Vale… Is Not a Vampire?

1.19 — A Hum of Hunger and Blood



I frowned at the completely empty stretch of land in front of Uncle Tare’s house. I had parked Fern right there, outside the door. And now she wasn’t here anymore. Fern did not just wander off like that. Clearly, someone had stolen her.

“Where is my horse?” I asked the two women that exited after me.

I received only confused responses from Meg and Reya. Apparently, neither of them was involved in the theft of my horse. This was worrying. I was neither coherent enough to ferret out the culprit, nor fit enough to walk off without my horse.

I was actually in such a horrible shape that even in the shade the morning sun was melting my hands a lovely shade of sunburn, my healing no longer even capable of keeping up with that.

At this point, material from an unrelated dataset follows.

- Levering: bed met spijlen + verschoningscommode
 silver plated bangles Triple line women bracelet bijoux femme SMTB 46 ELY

Or my amulet running out of charge?

I fingered the thing, feeling out the energy embedded in the runes. There wasn’t much left, but still enough for another day or so. Then it really was my natural healing ability that had run dry.

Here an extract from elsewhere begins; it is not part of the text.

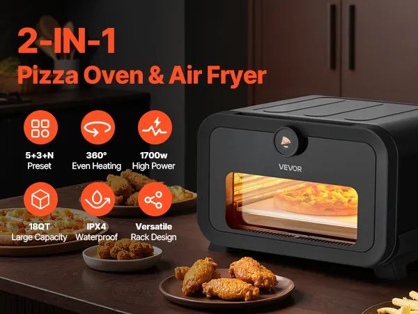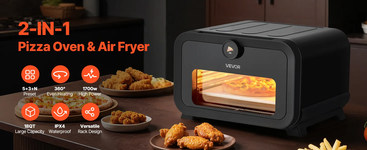 VEVOR Electric Pizza Oven & Air Fryer Combo – Features 5 pizza modes, 3 air-fry presets, and a DIY mode for flexible baking. Perfect for home dinners, parties, and prepping takeout favorites.

And I’m forgetting my gloves.

Wow… took a long time for me to realize that.

Really, really out of it.

A stumbling detour to fetch my gloves later, the two women waiting for me had turned into three. The new meal was the Chicken-broth-blood, tasting of worry and far too little sleep. I squinted, trying to recognize more than her scent, but the early morning sunlight was already affecting my eyesight enough that all I could discern was that she was older than the other two and had dark-blonde shoulder-length hair.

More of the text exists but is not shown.